- **Task to complete**: Beginning with the line in which "Вчера, 21:36Объявлена беспилотная" appears, transcribe each line word for word until the records end. Do not include pictures.
++++++++++++++++++++
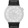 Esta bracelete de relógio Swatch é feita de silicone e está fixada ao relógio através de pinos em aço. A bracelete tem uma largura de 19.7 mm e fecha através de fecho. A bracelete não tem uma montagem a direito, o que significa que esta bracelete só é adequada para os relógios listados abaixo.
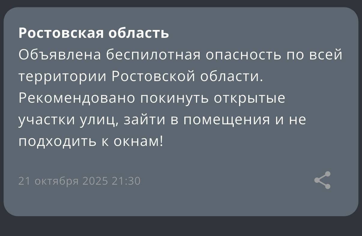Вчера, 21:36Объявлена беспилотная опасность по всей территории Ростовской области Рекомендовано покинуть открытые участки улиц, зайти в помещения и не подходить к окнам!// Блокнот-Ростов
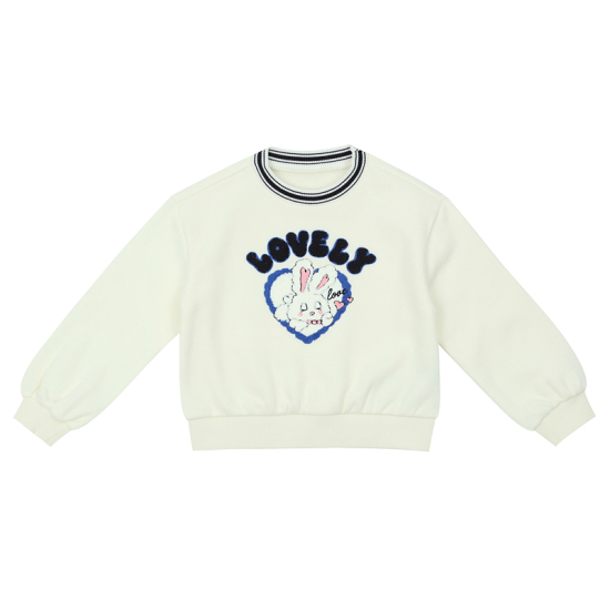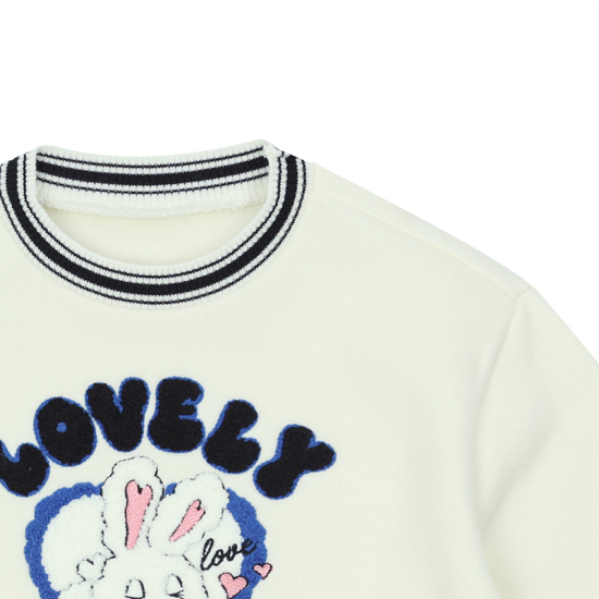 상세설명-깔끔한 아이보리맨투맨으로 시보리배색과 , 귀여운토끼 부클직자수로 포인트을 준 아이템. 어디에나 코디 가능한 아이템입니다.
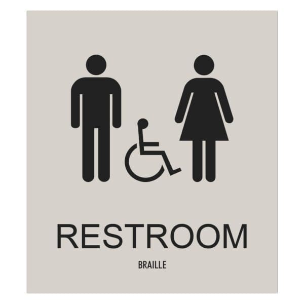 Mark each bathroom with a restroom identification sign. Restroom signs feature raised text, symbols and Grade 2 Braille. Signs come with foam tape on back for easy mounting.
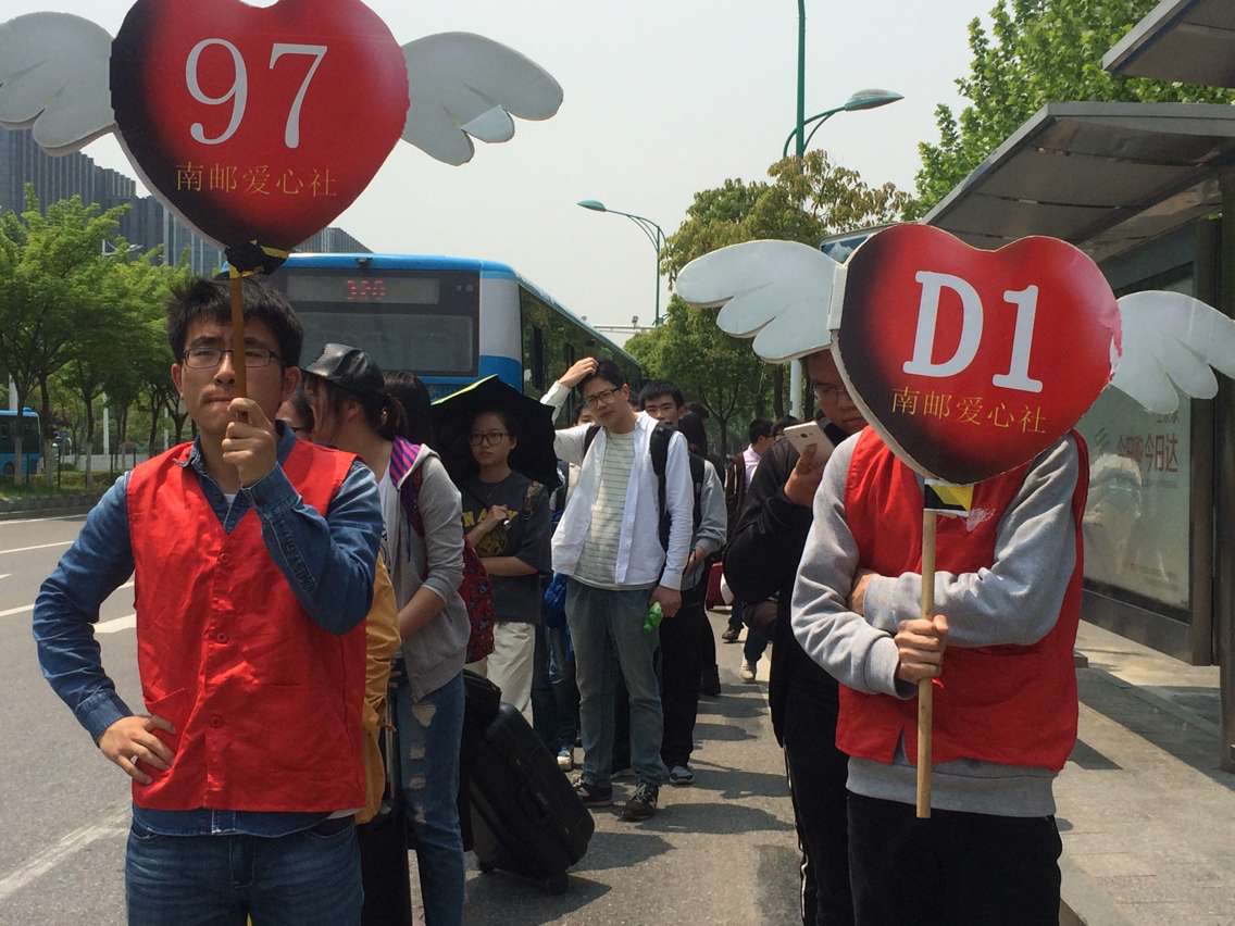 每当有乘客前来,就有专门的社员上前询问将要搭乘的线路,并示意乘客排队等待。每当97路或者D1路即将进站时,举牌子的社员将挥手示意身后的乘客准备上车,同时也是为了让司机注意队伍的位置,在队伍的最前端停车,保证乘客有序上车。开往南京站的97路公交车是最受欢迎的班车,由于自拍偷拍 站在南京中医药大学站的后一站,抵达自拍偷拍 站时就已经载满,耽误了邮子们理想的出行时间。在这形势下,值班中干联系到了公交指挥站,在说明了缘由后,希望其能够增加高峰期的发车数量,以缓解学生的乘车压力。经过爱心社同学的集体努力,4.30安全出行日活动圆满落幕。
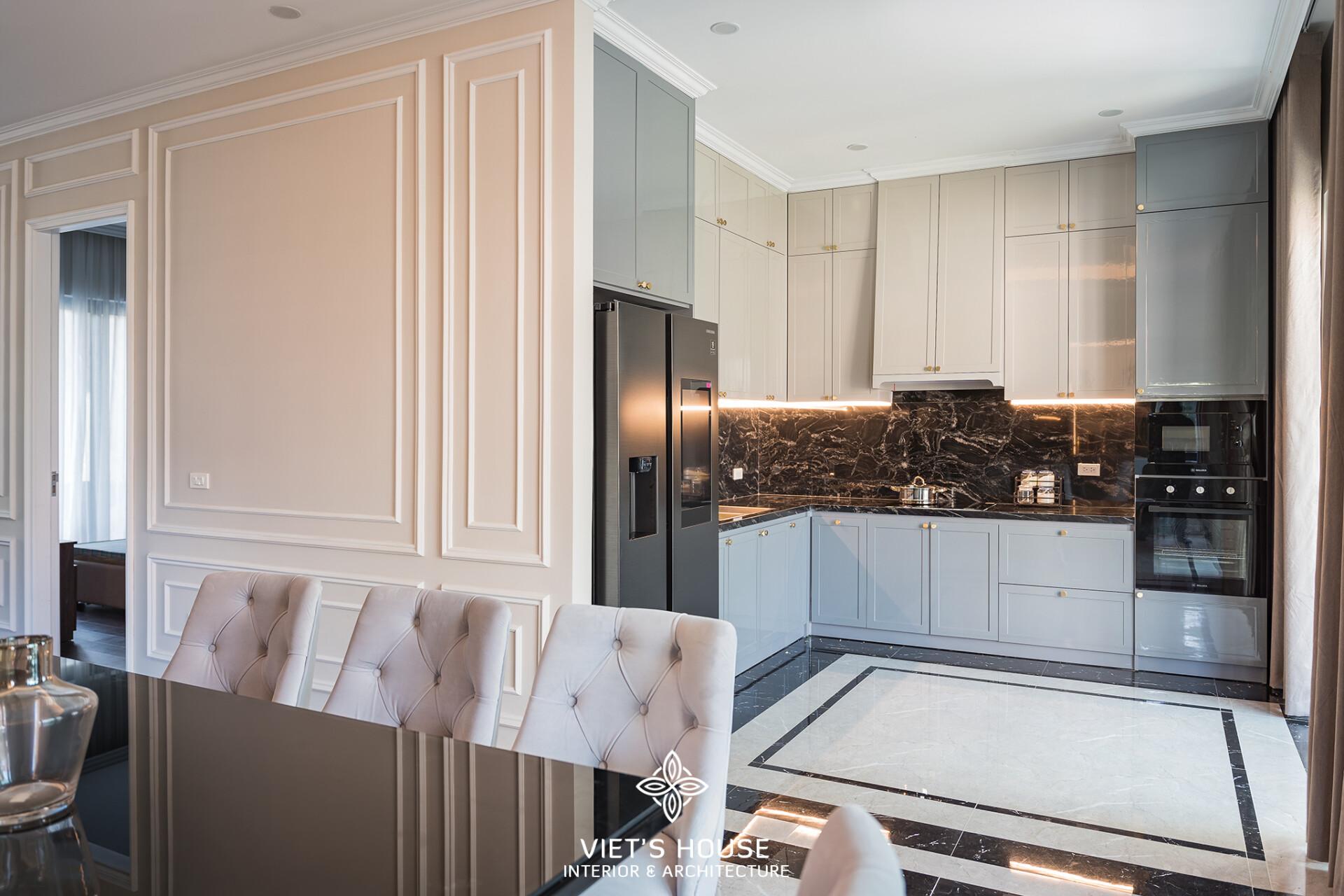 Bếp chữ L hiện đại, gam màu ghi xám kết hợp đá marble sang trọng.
++++++++++++++++++++
- **Task result**:
Вчера, 21:36Объявлена беспилотная опасность по всей территории Ростовской области Рекомендовано покинуть открытые участки улиц, зайти в помещения и не подходить к окнам!// Блокнот-Ростов
 상세설명-깔끔한 아이보리맨투맨으로 시보리배색과 , 귀여운토끼 부클직자수로 포인트을 준 아이템. 어디에나 코디 가능한 아이템입니다.
 Mark each bathroom with a restroom identification sign. Restroom signs feature raised text, symbols and Grade 2 Braille. Signs come with foam tape on back for easy mounting.
 每当有乘客前来,就有专门的社员上前询问将要搭乘的线路,并示意乘客排队等待。每当97路或者D1路即将进站时,举牌子的社员将挥手示意身后的乘客准备上车,同时也是为了让司机注意队伍的位置,在队伍的最前端停车,保证乘客有序上车。开往南京站的97路公交车是最受欢迎的班车,由于自拍偷拍 站在南京中医药大学站的后一站,抵达自拍偷拍 站时就已经载满,耽误了邮子们理想的出行时间。在这形势下,值班中干联系到了公交指挥站,在说明了缘由后,希望其能够增加高峰期的发车数量,以缓解学生的乘车压力。经过爱心社同学的集体努力,4.30安全出行日活动圆满落幕。
 Bếp chữ L hiện đại, gam màu ghi xám kết hợp đá marble sang trọng.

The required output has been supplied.